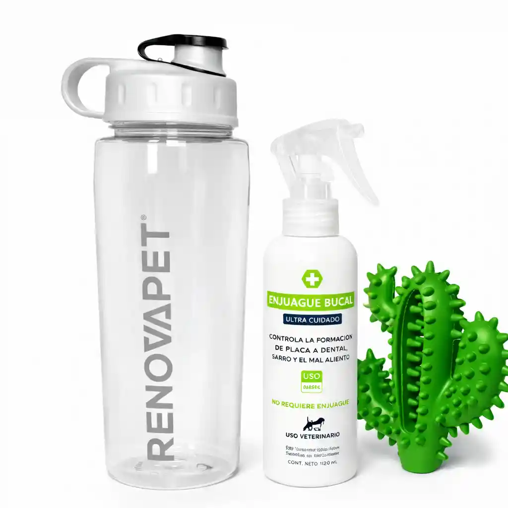 Enjuague Bucal RENOVAPET 120ML - Lleva un termo gratis. REG ICA: 11426-CV -Elimina el mal aliento. -No requiere enjuague ni cepillado. -Aplicar de 4-5 splash sobre los dientes de tu mascota todos los días. Colágeno MULTI-ADVANCE 300GR REG ICA: 23290SL -Fortalecimiento articular. -Optimiza la movilidad -Favorece la salud intestinal -Con vitaminas y aminoácidos.
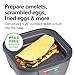 - MAKE EGGS 6 WAYS. If you and your family love eggs, you need the world's most versatile egg cooker in your kitchen. With Egg Bites Plus, you can make up to 4 egg bites, 4 poached eggs, 9 hard-boiled eggs, omelets, scrambled eggs, fried eggs and more., MAKE 4 EGG BITES, 4 POACHED EGGS OR 9 HARD-BOILED EGGS. Cook up to 4 egg bites or 4 poached eggs in about 10 minutes or 9 hard-boiled eggs. It's easy to use — just fill the base of the egg maker with water, add eggs to the tray and plug it in., PREPARE OMELETS, SCRAMBLED EGGS, FRIED EGGS AND MORE. Built-in 5.25” nonstick skillet for making omelets, scrambled or fried eggs and browning sausage links or patties. Food won't stick to the nonstick coating, and it simply wipes clean., EASY TO CLEAN. The egg bite/ poaching tray, hard-boiled eggs tray, water measuring cup and lid are all dishwasher safe for easy cleanup., WATER MEASURING CUP INCLUDED. The convenient cup of this egg bite maker makes it easy to add the exact amount of water, so there's no guesswork and eggs come out perfect every time.
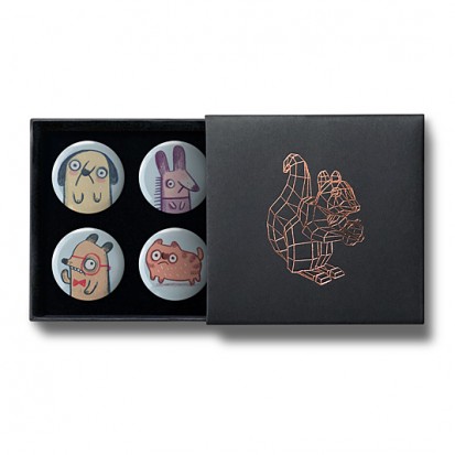 This elegant matchbox-style gift box contains four designs from Stereohype's growing button badge collection – now available for the first time in this superb packaging solution. A rose-gold foil-blocked Stereohype mascot squirrel was hand-printed in the UK at the top of the gift box (outside dimensions: 75 x 72 x 16mm). Inside the beautiful matt black cardboard gift box is a black flock pad and badges are directly pinned into it. All Stereohype button badges available at stereohype.com are classic high quality one inch (25mm) metal back badges with so-called D-pin (although it looks more like an 'e'). Tiny stickers at the back of each button badge mention the artist, release date, series number, etc. Badges are manufactured with love and care in the United Kingdom.
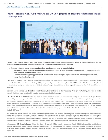 efforts toward sustainable development. By recognising impactful initiatives, the Challenge further supports the UAE's broader national drive to achieve
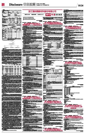 浙江海利得新材料股份有限公司2012年度报告摘要 2013-04-23 来源:证券时报网 作者:
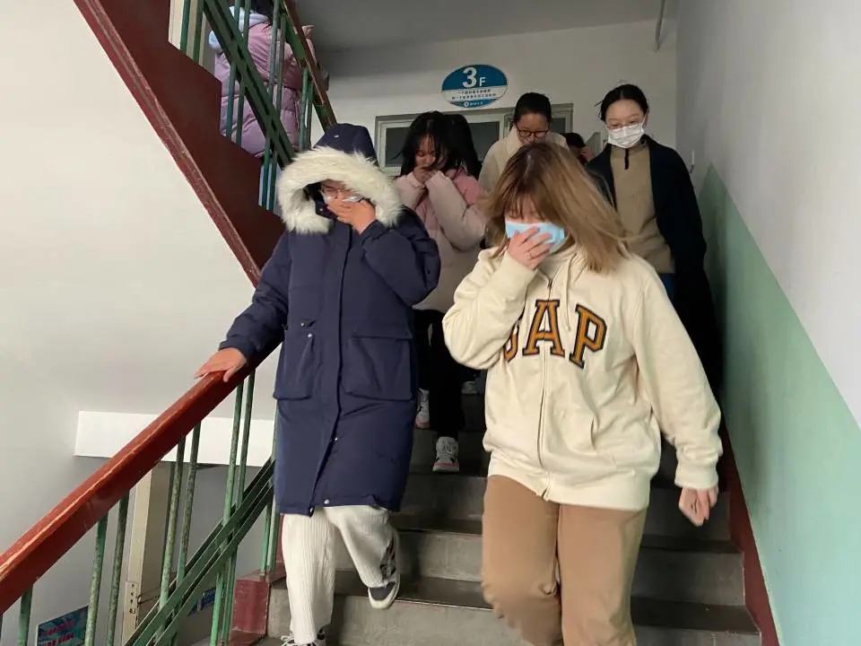 消防演练开始前,生活服务中心成员对参与同学进行组织、安排,规划“逃生”路线,以确保同学们在遇到真正的火灾时能够及时逃离。演练过程中,在每一楼层设定一位警报负责人向同学们及时传递火灾发生的消息,同时组织同学们迅速撤离。在撤离过程中,同学们用双手捂住口鼻,听从负责人指挥,紧张而有序地从左右楼梯进行疏散,直至撤离到宿舍外的安全地带。撤离完成后,负责人清点人数,以确保每位同学安全撤出。整个消防演练过程,参与同学沉着冷静,负责人指挥得当,以左右楼道为撤离路线分别疏散为方法,既能使参与同学及时撤离,又能防止参与同学在消防演练过程中因人数太多而引起的骚乱,从而保证此次消防安全逃生演练的顺利完成。

◆ ◆ ◆ ◆ ◆ ◆ ◆

▶ [WHAT THE TASK REQUIRES] Using the entries above, transcribe exactly from the line that has "efforts toward sustainable" through the line that has "浙江海利得新材料股份有限公司2012年度报告摘要 2013-04-23 来源:证券时报网". Pictures are dropped.

▶ [SOLVED PROBLEM]
 efforts toward sustainable development. By recognising impactful initiatives, the Challenge further supports the UAE's broader national drive to achieve
 浙江海利得新材料股份有限公司2012年度报告摘要 2013-04-23 来源:证券时报网 作者:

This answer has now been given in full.